In “The Social Network,” Facebook founder Mark Zuckerberg is dressed down by his ex-girlfriend for his misogynistic comments about her on his blog.
“The internet isn’t written in pencil, Mark,” she says. “It’s written in ink.”
It’s an important idea – one that sometimes gets lost as we immerse ourselves in Facebook and Twitter and political blogs and all the rest of the digital footprints we leave around the web on a regular basis.
These footprints are easy to follow, especially for someone like your prospective employer, who has a vested interest in finding out as much about you as he possibly can.

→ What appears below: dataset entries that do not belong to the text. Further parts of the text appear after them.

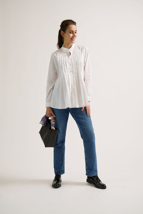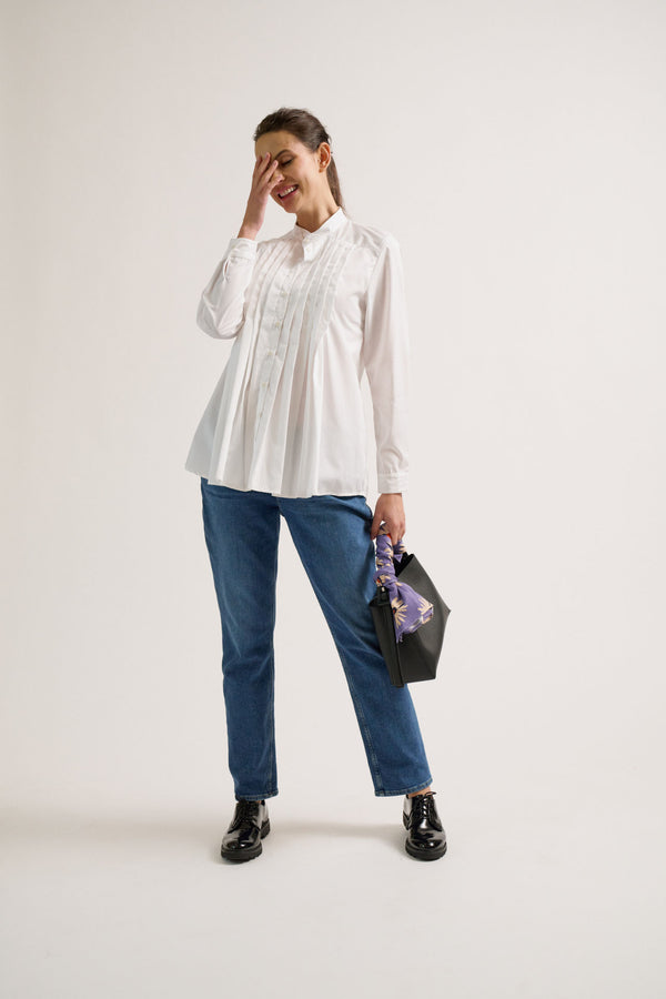 La blouse Ika allie élégance naturelle et fonctionnalité discrète. Confectionnée en 100 % coton d’origine espagnole, elle offre une douceur respirante idéale pour la maternité. Son plissé raffiné sur le devant et sa coupe évasée créent une silhouette fluide et légère. Les boutons sur le buste permettent un accès facile à l’allaitement, tout en préservant une allure habillée.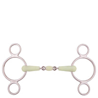 Het dubbel gebroken mondstuk met Apple Mouth coating zorgt voor een aangename smaak en extra acceptatie bij gevoelige paarden. Het zachte synthetische materiaal stimuleert speekselaanmaak, waardoor het paard het bit beter aanneemt en ontspant in de kaak. De afgeronde afwerking en anatomische vorm volgen de contouren van de paardenmond voor een gelijkmatige drukverdeling.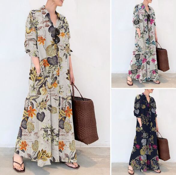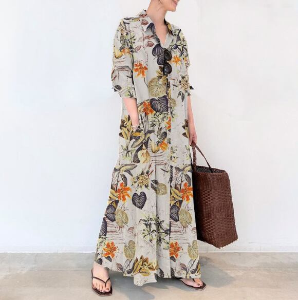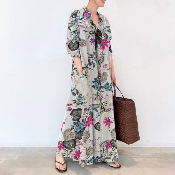 シャツワンピース レディース ワンピース ロング マキシ フルレングス 半袖 襟付き Aライン ゆったり 前開き コットン ポリエステル シンプル こなれ感 ラフ ナチュラル 花柄 フラワー 春 夏 マタニティ デート お出かけ お泊まり リゾート 旅行 海 プール ビーチ 公園 アースカラー コーデ 楽ちん 体型カバー 脚長 ブラック ベージュ ブラック ベーシックカラー S M L XL 2XL 3XL 4XL 5XL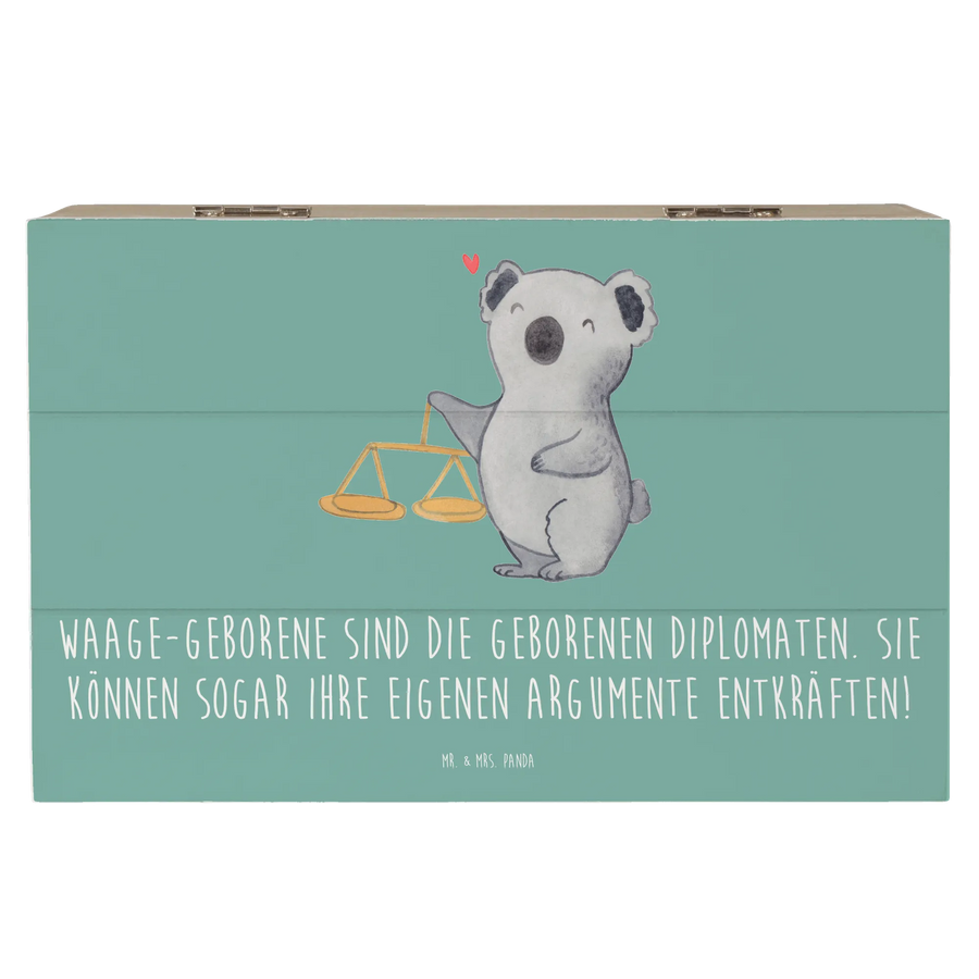 Entdecke die bezaubernde Holzkiste mit dem schönen Waage-Motiv aus der Sternzeichen-Kollektion von Mr. & Mrs. Panda! Diese wundervolle Kiste ist nicht nur ein echter Hingucker, sondern auch der perfekte Ort, um deine wertvollsten Erinnerungen zu bewahren. Egal, ob du sie für die Aufbewahrung von kleinen Schätzen, Fotos oder besonderen Erinnerungsstücken nutzen möchtest – diese robusten Holzbox überzeugt mit ihrer liebevollen Gestaltung und dem ansprechenden Slogan: „Waage-Geborene sind die geborenen Diplomaten. Sie können sogar ihre eigenen Argumente entkräften!".
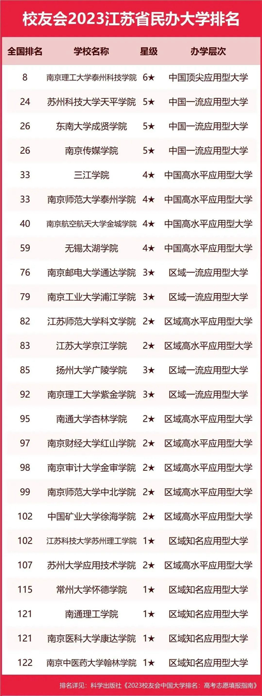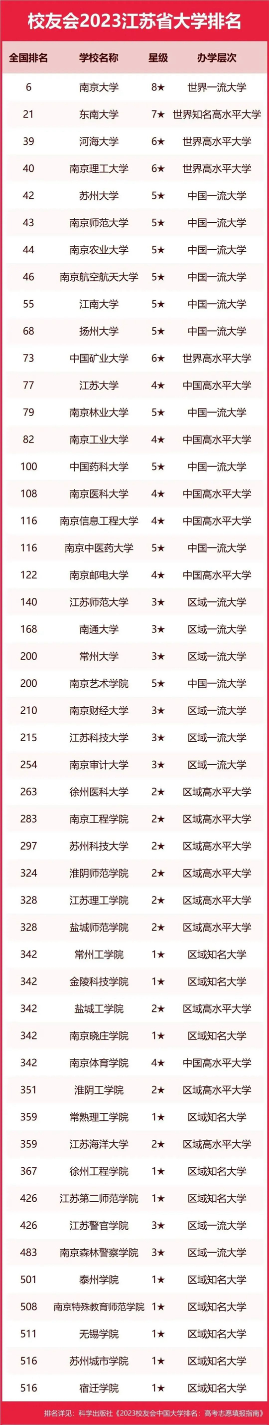 | 校友會2023江蘇省大學排名,南京大學、南京理工大學泰州科技學院等第一 |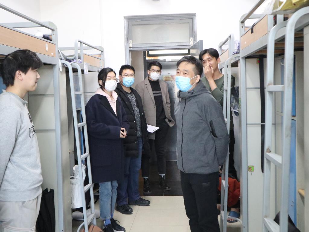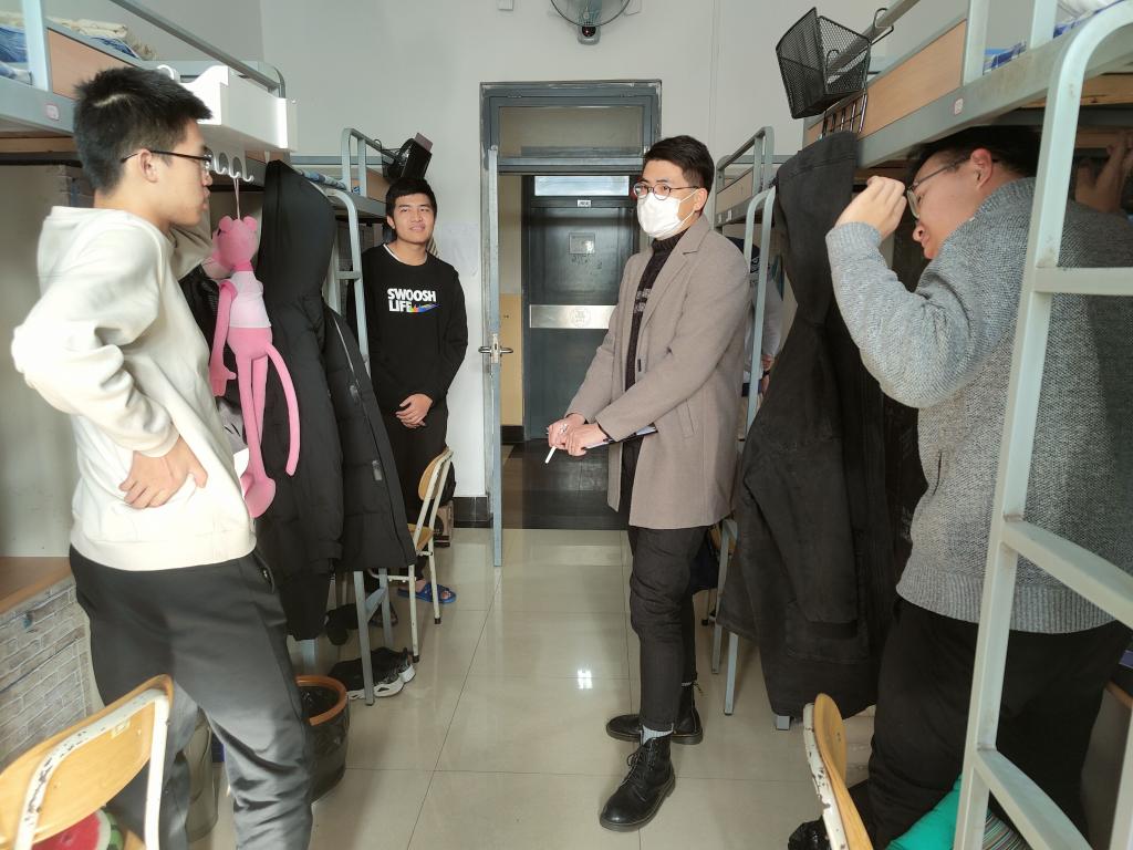 走访过程中,各位老师就宿舍安全设施、卫生条件等诸多方面进行了检查,亲切地了解同学们的学习、生活等细节。提醒大家注意用电安全,关注天气变化,记得添衣保暖,督促同学们自觉遵守宿舍管理规定,坚决抵制身边的不文明行为。同时对之前存在问题的宿舍,能积极改进,卫生更加整洁,学习氛围愈加浓厚等提出表扬,希望大家能够继续保持,不断进步。嘱咐20级新生面对即将来临的期末考试调整状态,合理安排时间复习,注意考场纪律,为自己一学期的努力交出一份满意的答卷。对即将参加考研的同学们表示了殷切希望,给予了他们鼓励与支持,希望大家都能实现自己的理想和目标。在研究生宿舍就研究生就学业进展、未来规划做了深入交流,了解他们的升学、求职情况,促使学生树立正确的就业观,调整好就业状态,积极主动地就业。毕业生们纷纷表示,会认真准备,积极就业,并在未来的工作、学习生活中踏实做人,认真做事,为母校争光。

One of my favorite examples: several years ago, a couple of extremely vile right-wing bloggers, Kim and Connie du Toit, were trying to set up a business developing software for homeschooling parents to track their children’s educational progress. Good idea, but even they didn’t expect that their online output (which included calls for turning Mecca into a glass parking lot and the lynching of their political enemies) would be a problem in a seemingly unrelated field.
But when potential investors read their blogs, the investors (understandably) ran scared.
Now I’m guessing that your Facebook output probably doesn’t include calls for mass murder of Muslims. But it’s important to remember that the impression you make on an employer extends far beyond your carefully-crafted resume and cover letter.
You can spend a lot of time and energy doing things like researching the black arts of Facebook privacy settings. But another way to go would be to consider, every time you leave a footprint online – is this something you wouldn’t mind your mother reading about you? How about your boss? How about Anderson Cooper?